Without the pictures, set down the records below word for word.

= = = =

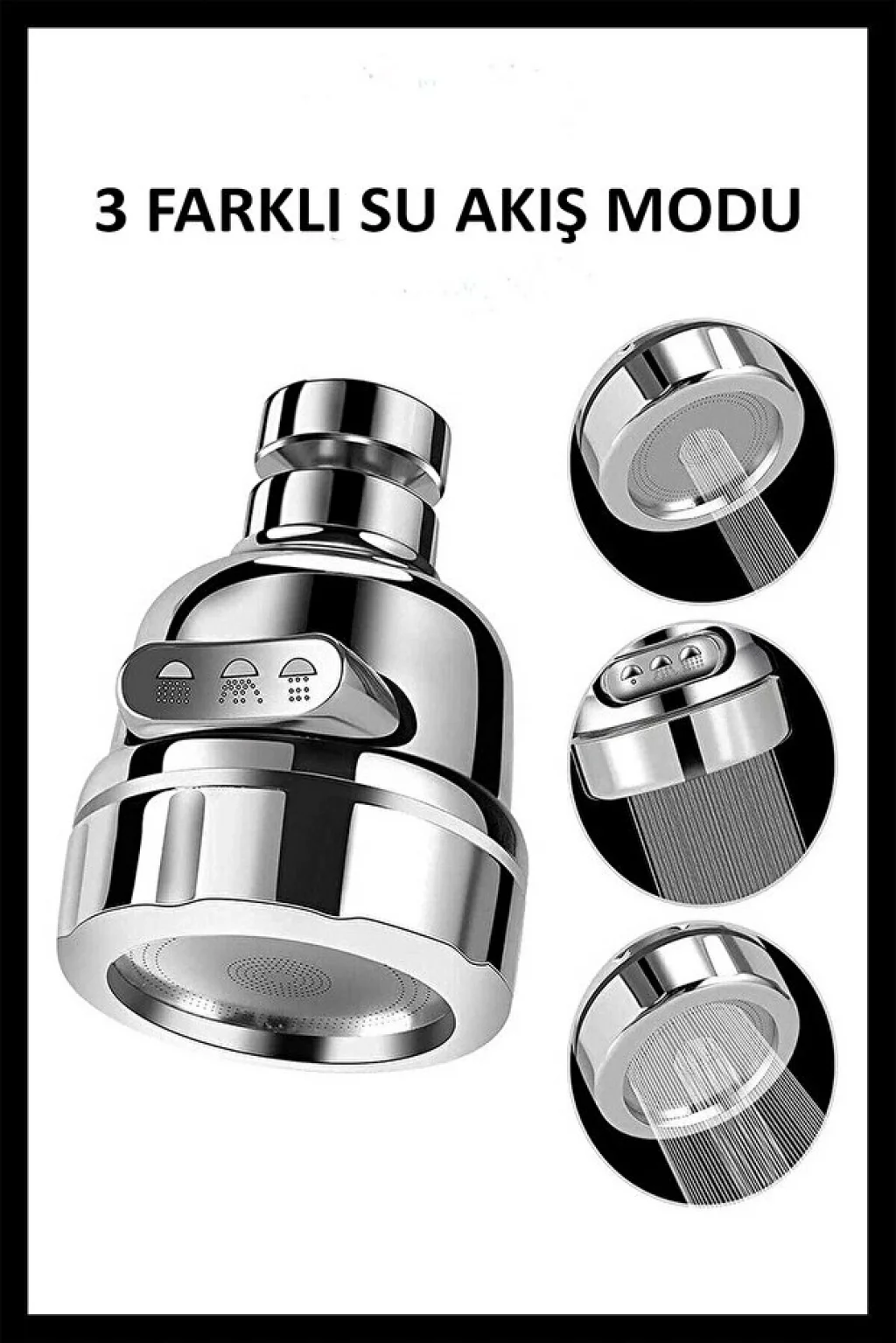 3 Modlu 360 Derece Döner Krom Musluk Başlığı Su Tasarruflu Mutfak Çeşme Evye ve Lavabo Batarya Ucu
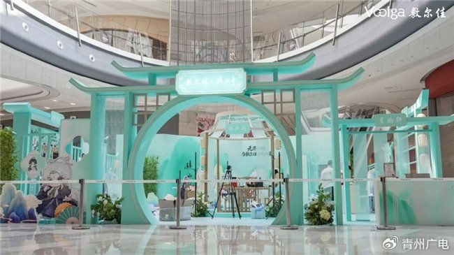 敷尔佳在北外滩来福士的「赴山海」主题快闪店,进一步将周边产品的情感价值具象化。实景搭建的江湖场景中,山水屏风、竹影灯盏、留言墙与换装区共同构成一个沉浸式叙事空间。游客在此可提笔留下江湖寄语,可身着侠服装扮角色,还可通过互动游戏赢取周边礼品。这种「可触摸、可参与、可传播」的体验设计,让品牌从抽象的概念转化为具体的情感记忆。
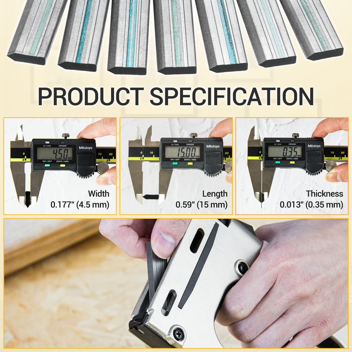 These Flexible points in 5/8" (15 mm) are compatible with picture frame staplers HM515 P515 F54 F56 F500-1 F500-2 Dual point driver. Suitable for wood frame types, these points hold glass, photos, and artwork firmly in place, reducing the risk of damage while ensuring a secure fit.
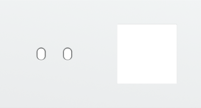 La plaque de recouvrement double Niko Toggle, horizontale, s'enclenche sur une fonction de commutation double et une fonction de 45 x 45 m that have been horizontally installed next to each other with a centre distance of 71 mm. La plaque de recouvrement se combine avec toute barre Niko Toggle disponible pour la fonction de commutation double et set de finition Niko 45 x 45 mm. Elle se compose d'un cadre supérieur, d'un guide lumineux et d'un cadre inférieur qui sont interconnectés mécaniquement. Le cadre supérieur est en acier. Le cadre inférieur est en polycarbonate (PC) blanc + acrylique-styrène-acrylate (ASA), white coated. L'épaisseur du cadre supérieur est de 2 mm, celle du cadre inférieur de 6 mm.
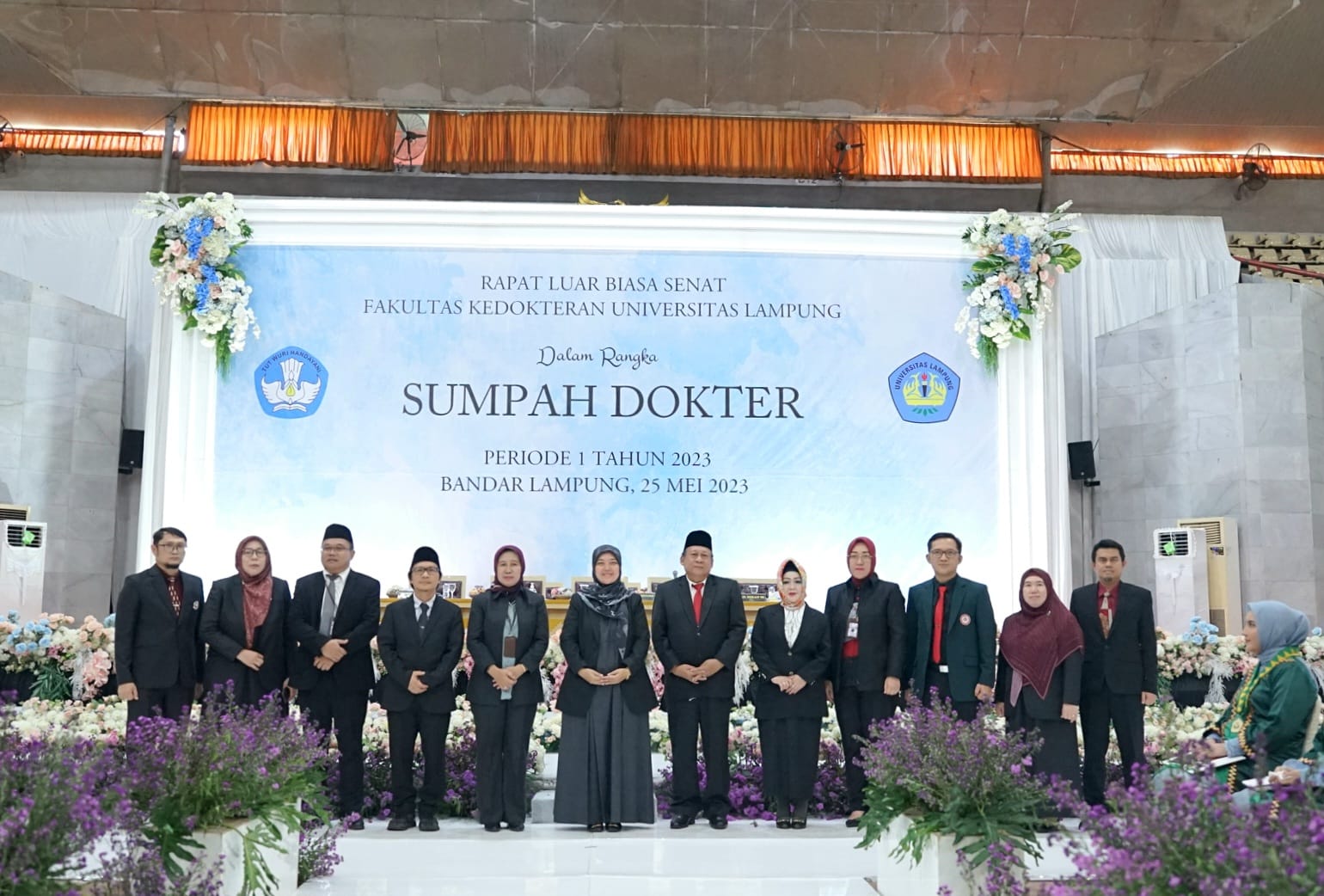 (Unila): 81 mahasiswa kedokteran Fakultas Kedokteran (FK) Universitas Lampung (Unila) melakukan Pengambilan Sumpah Program Profesi Dokter Periode I Tahun 2023 yang berlangsung di Gedung Serbaguna kampus setempat, Kamis, 25 Mei 2023. Hingga kini, FK Unila telah meluluskan 1.682 dokter yang tersebar di seluruh Indonesia.

= = = =

- [Solution below]:
 3 Modlu 360 Derece Döner Krom Musluk Başlığı Su Tasarruflu Mutfak Çeşme Evye ve Lavabo Batarya Ucu
 敷尔佳在北外滩来福士的「赴山海」主题快闪店,进一步将周边产品的情感价值具象化。实景搭建的江湖场景中,山水屏风、竹影灯盏、留言墙与换装区共同构成一个沉浸式叙事空间。游客在此可提笔留下江湖寄语,可身着侠服装扮角色,还可通过互动游戏赢取周边礼品。这种「可触摸、可参与、可传播」的体验设计,让品牌从抽象的概念转化为具体的情感记忆。
 These Flexible points in 5/8" (15 mm) are compatible with picture frame staplers HM515 P515 F54 F56 F500-1 F500-2 Dual point driver. Suitable for wood frame types, these points hold glass, photos, and artwork firmly in place, reducing the risk of damage while ensuring a secure fit.
 La plaque de recouvrement double Niko Toggle, horizontale, s'enclenche sur une fonction de commutation double et une fonction de 45 x 45 m that have been horizontally installed next to each other with a centre distance of 71 mm. La plaque de recouvrement se combine avec toute barre Niko Toggle disponible pour la fonction de commutation double et set de finition Niko 45 x 45 mm. Elle se compose d'un cadre supérieur, d'un guide lumineux et d'un cadre inférieur qui sont interconnectés mécaniquement. Le cadre supérieur est en acier. Le cadre inférieur est en polycarbonate (PC) blanc + acrylique-styrène-acrylate (ASA), white coated. L'épaisseur du cadre supérieur est de 2 mm, celle du cadre inférieur de 6 mm.
 (Unila): 81 mahasiswa kedokteran Fakultas Kedokteran (FK) Universitas Lampung (Unila) melakukan Pengambilan Sumpah Program Profesi Dokter Periode I Tahun 2023 yang berlangsung di Gedung Serbaguna kampus setempat, Kamis, 25 Mei 2023. Hingga kini, FK Unila telah meluluskan 1.682 dokter yang tersebar di seluruh Indonesia.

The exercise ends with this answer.